If you’re running long arms and long Coilovers or long travel shocks and really want all the flex you can get, these aren’t for you. If convenience is a factor and you don’t care about losing 1/2-3/4 of shock travel, I think they’re just fine for the average guy.
These may be my next purchase... I think I can live with that!
 
Resurrecting this thread to add a few comments after installing these on my '23 JT Mojave with a stock suspension.
  • Having never installed suspension components myself before, this was definitely more of a pain to do than it looked like from all the YouTube yahoos' install videos. The top link that requires a hex key was extremely tight from the factory. I ended up just using the wrench on the nut without the hex key just so I could get it to start moving. Moving the clip rings wasn’t bad. I used a plastic tool for opening split rings for camera straps. A guitar pick would probably work as well.

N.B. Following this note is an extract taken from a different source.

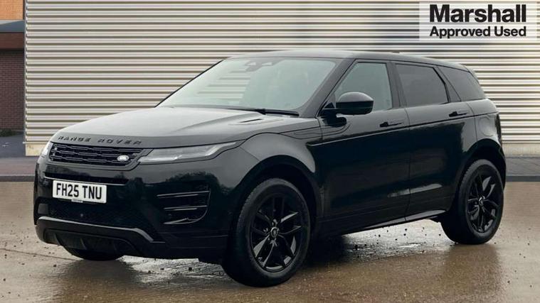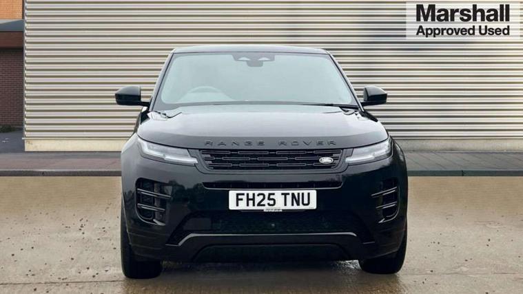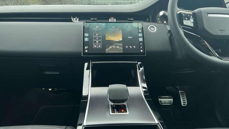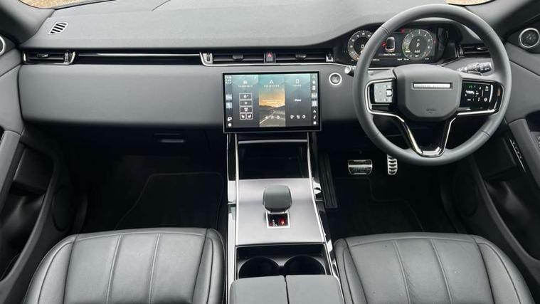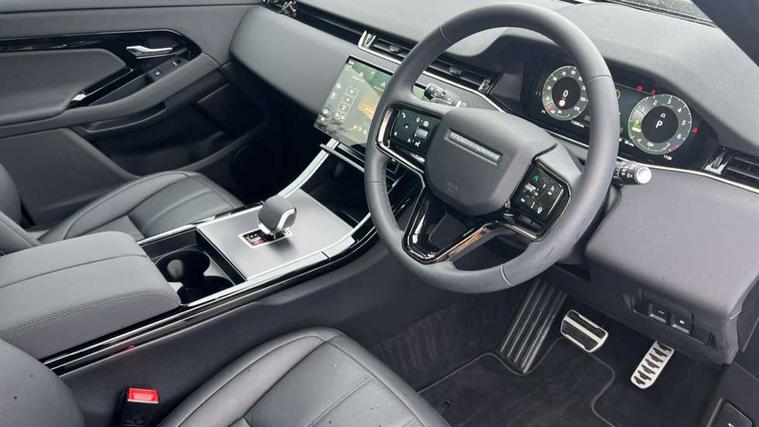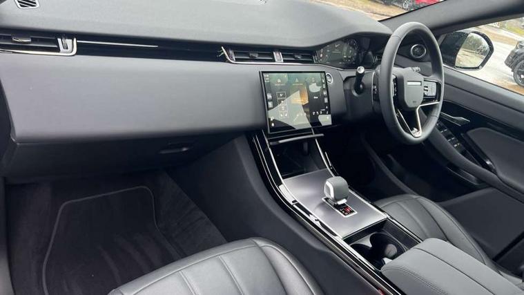 11.4" touch screen, 3D 360 degree surround camera with wade sensing, Adaptive cruise control, Android Auto, Apple car play, Blind spot assist, Bluetooth connectivity, Brake pad wear indicator warning light, Driver condition monitor, eCall emergency system, Eco mode, Electronic power assisted steering (EPAS), Front and rear parking aid, InControl remote, Interactive driver display, Land Rover InControl apps, Lane keep assist, Pivi pro connected includes diamond pivi variant, smart settings, connected navigation pro, nuance speech licence, Powered tailgate/boot lid, Rear collision monitor, Rear traffic monitor, Tailgate, Traffic sign recognition with adaptive speed limiter, Voice control system, Wireless device charging, All terrain progress control, Electric rear axle drive, Home charging cable, Large fuel tank, Passive suspension, Public charging cable, Terrain Response 2, Digital Audio Broadcast radio-DAB, Meridian sound system with 400W subwoofer and 11 speakers, Steering wheel mounted controls, Acoustic laminated windscreen, Auto dimming interior rear view mirror, Auto headlights, Auto high beam assist, Automatic headlight levelling, Black contrast roof, Electric windows with one touch open/close and anti trap, Fixed panoramic sunroof with powered sunblind, Flush deployable exterior door handles, Front and rear recovery eyes, Heated rear window with timer, Heated washer jets, Heated windscreen, LED headlights with signature DRL and LED tail Lights, Metallic paint, Power fold, auto-dimming, heated door mirrors with approach lights and auto dimming driver side, Privacy glass, Rain sensing windscreen wipers, Rear animated directional indicators, Rear fog lights, Rear side wing doors, Rear wiper, Tailgate spoiler, Third brake light, Winter wiper park position, 12 way driver memory and 10 way passenger electric front seats with 2 way manual headrest + 4 way lumbar support, 40:20:40 split folding rear seats with centre headrest and armrest, Bright metal pedals, Cabin lighting, Carpet mats, Chrome tread plates with range rover branding Includes stainless steel loadspace scuff plate with etched graphic, Customer configurable single point entry, Front and rear cupholders, Grained Leather upholstery, Heated front seats, Heated steering wheel, Isofix system on outer rear seats, Manually adjustable steering column, Overhead lighting console, Overhead stowage for sunglasses, Passive front head restraints, Rear air vents, Rear head restraints, Satin chrome gearshift paddles, Single passenger seat, Standard steering wheel with Moonlight Bezel, Sunvisors with illuminated vanity mirrors, Twin sliding front centre armrest, Two zone climate control, Black exterior styling pack - Evoque, Power socket pack 2 - Evoque, 3 rear 3 point seatbelts, Anti-lock braking system (ABS), Black brake calipers, Brake hold function, Customer configurable autolock, DSC - Dynamic Stability Control, Electronic brake force distribution, Electronic parking brake, Electronic traction control, Emergency braking, Front and rear seatbelt reminder, Hill descent control, Hill launch assist, Low traction launch, Occupant protection assist, Passenger seat occupant detector, Power operated child locks, Roll stability control, Six airbags - Driver and passenger airbags/driver knee airbag/front side airbag and curtain airbags, Torque vectoring brake, Tyre pressure monitoring system, Alarm, Immobiliser, Intrusion sensor, Keyless entry, Locking wheel nuts, Secure tracker pro, Black brushed aluminium finisher, 19" gloss black alloy wheels - Style 5136, All season tyres, Tyre repair system,

  • They changed the big nuts that tighten on the clip rings from silver to black. Seems stupid since they now scratch super easy. No big deal since it's all hidden and will get trashed with rocks, etc. over time. It still bothers the OCD part of me, though.
  • The instructions to install them with the wolf logo facing forward works for the driver's side, but it seemed better to install it with the logo facing backward on the passenger side due to the tighter clearance on that side to the fender liner.
  • Installed on my stock Mojave, they will not reconnect automatically after twisting the knob. I have to manually push down on them to get them to lock. Perhaps they will break in over time, but it seems like the geometry just isn't there for automatic locking on a stock JT. I don't like having to push down on the unit (and won't want to if they're covered in mud), so I use the wood handle of a rubber mallet and leverage it between the frame and sway bar to push the sway bar downward. Maybe it will start reconnecting automatically after some break in.
My only thought after driving it disconnected now, is it doesn't feel like I remember the Rubicon JL feeling, which was to maintain a completely level hood while the axel drooped all the way down into the fifth circle of hell. Maybe it's the Mojave shocks. But it makes me wonder if still being physically connected to the sway bar when "disconnected" limits movement. Seems like the bushing at the top of the Apex would limit directional movement compared to the sway bar being completely free. I don't know enough about the suspension to know one way or the other.